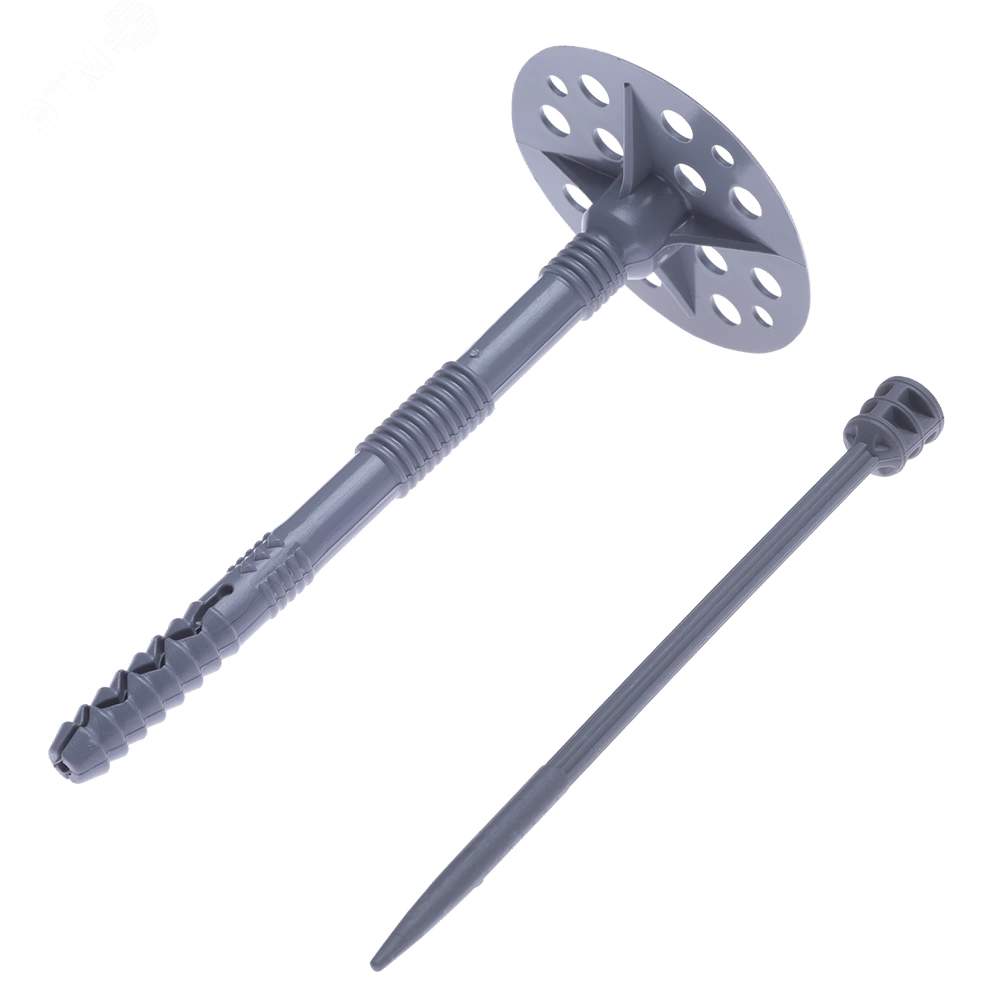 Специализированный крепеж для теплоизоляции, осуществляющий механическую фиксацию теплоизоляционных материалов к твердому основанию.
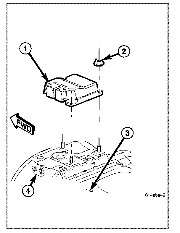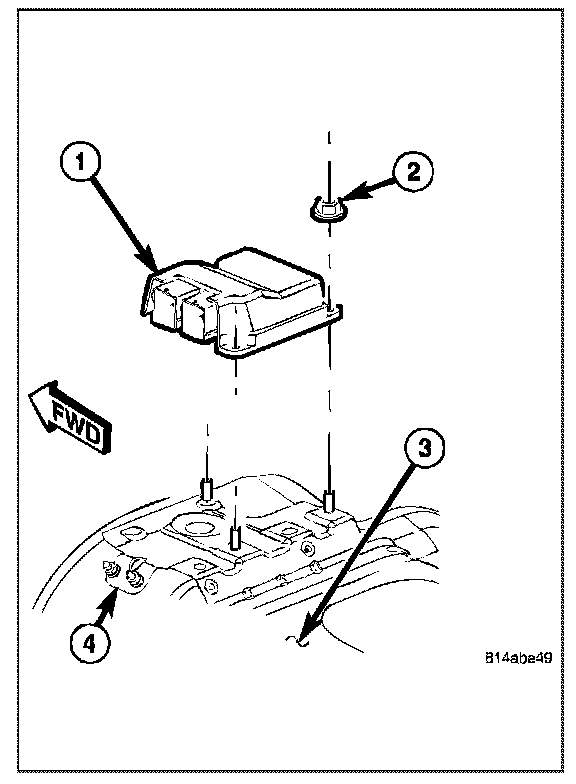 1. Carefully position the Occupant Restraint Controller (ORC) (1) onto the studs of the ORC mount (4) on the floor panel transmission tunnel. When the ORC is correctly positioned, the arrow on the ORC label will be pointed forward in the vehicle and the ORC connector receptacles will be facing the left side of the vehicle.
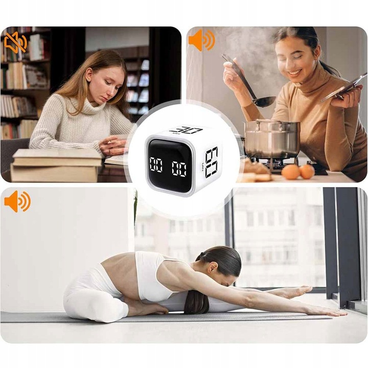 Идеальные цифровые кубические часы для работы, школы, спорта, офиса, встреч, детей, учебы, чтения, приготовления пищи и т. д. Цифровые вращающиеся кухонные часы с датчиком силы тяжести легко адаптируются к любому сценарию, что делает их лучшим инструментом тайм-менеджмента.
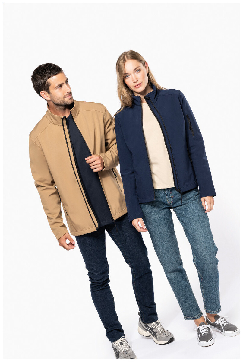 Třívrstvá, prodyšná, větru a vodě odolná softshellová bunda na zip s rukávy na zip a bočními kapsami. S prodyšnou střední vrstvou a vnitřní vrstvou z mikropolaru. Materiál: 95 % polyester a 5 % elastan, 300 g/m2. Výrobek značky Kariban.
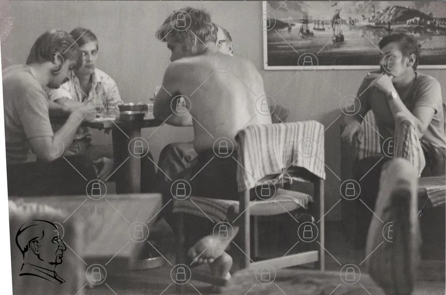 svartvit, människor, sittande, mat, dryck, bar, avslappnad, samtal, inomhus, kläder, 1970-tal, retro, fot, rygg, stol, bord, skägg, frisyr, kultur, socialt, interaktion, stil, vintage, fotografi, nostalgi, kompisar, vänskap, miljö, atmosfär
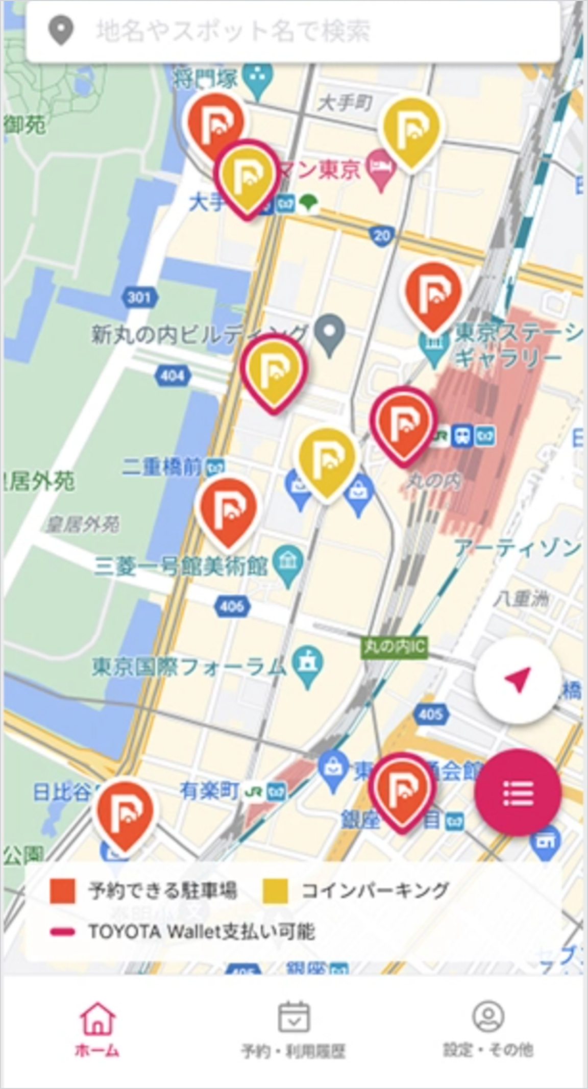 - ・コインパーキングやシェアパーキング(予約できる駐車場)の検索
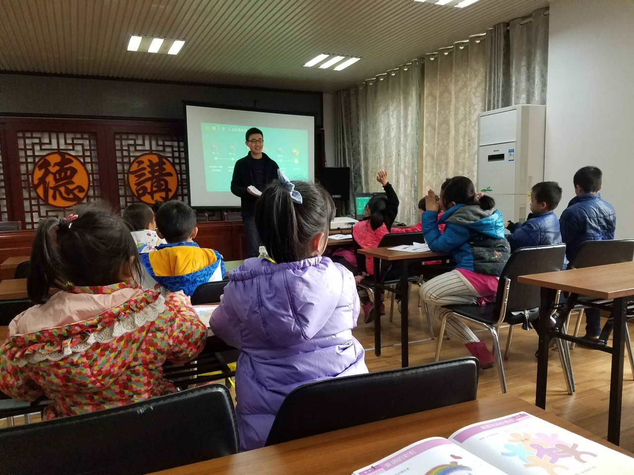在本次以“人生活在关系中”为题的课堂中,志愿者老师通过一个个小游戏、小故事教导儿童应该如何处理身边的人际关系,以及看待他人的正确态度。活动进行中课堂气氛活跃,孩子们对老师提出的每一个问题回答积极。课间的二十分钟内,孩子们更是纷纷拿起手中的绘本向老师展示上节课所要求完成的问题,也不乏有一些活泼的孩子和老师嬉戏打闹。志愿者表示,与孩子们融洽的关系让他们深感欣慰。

TASK OBJECTIVE — Set the pictures aside and transcribe exactly the stretch of lines above, beginning with the one holding "1. Carefully position" and ending with the one holding "- ・コインパーキングやシェアパーキング(予約できる駐車場)の検索".

EXERCISE RESULT —
 1. Carefully position the Occupant Restraint Controller (ORC) (1) onto the studs of the ORC mount (4) on the floor panel transmission tunnel. When the ORC is correctly positioned, the arrow on the ORC label will be pointed forward in the vehicle and the ORC connector receptacles will be facing the left side of the vehicle.
 Идеальные цифровые кубические часы для работы, школы, спорта, офиса, встреч, детей, учебы, чтения, приготовления пищи и т. д. Цифровые вращающиеся кухонные часы с датчиком силы тяжести легко адаптируются к любому сценарию, что делает их лучшим инструментом тайм-менеджмента.
 Třívrstvá, prodyšná, větru a vodě odolná softshellová bunda na zip s rukávy na zip a bočními kapsami. S prodyšnou střední vrstvou a vnitřní vrstvou z mikropolaru. Materiál: 95 % polyester a 5 % elastan, 300 g/m2. Výrobek značky Kariban.
 svartvit, människor, sittande, mat, dryck, bar, avslappnad, samtal, inomhus, kläder, 1970-tal, retro, fot, rygg, stol, bord, skägg, frisyr, kultur, socialt, interaktion, stil, vintage, fotografi, nostalgi, kompisar, vänskap, miljö, atmosfär
 - ・コインパーキングやシェアパーキング(予約できる駐車場)の検索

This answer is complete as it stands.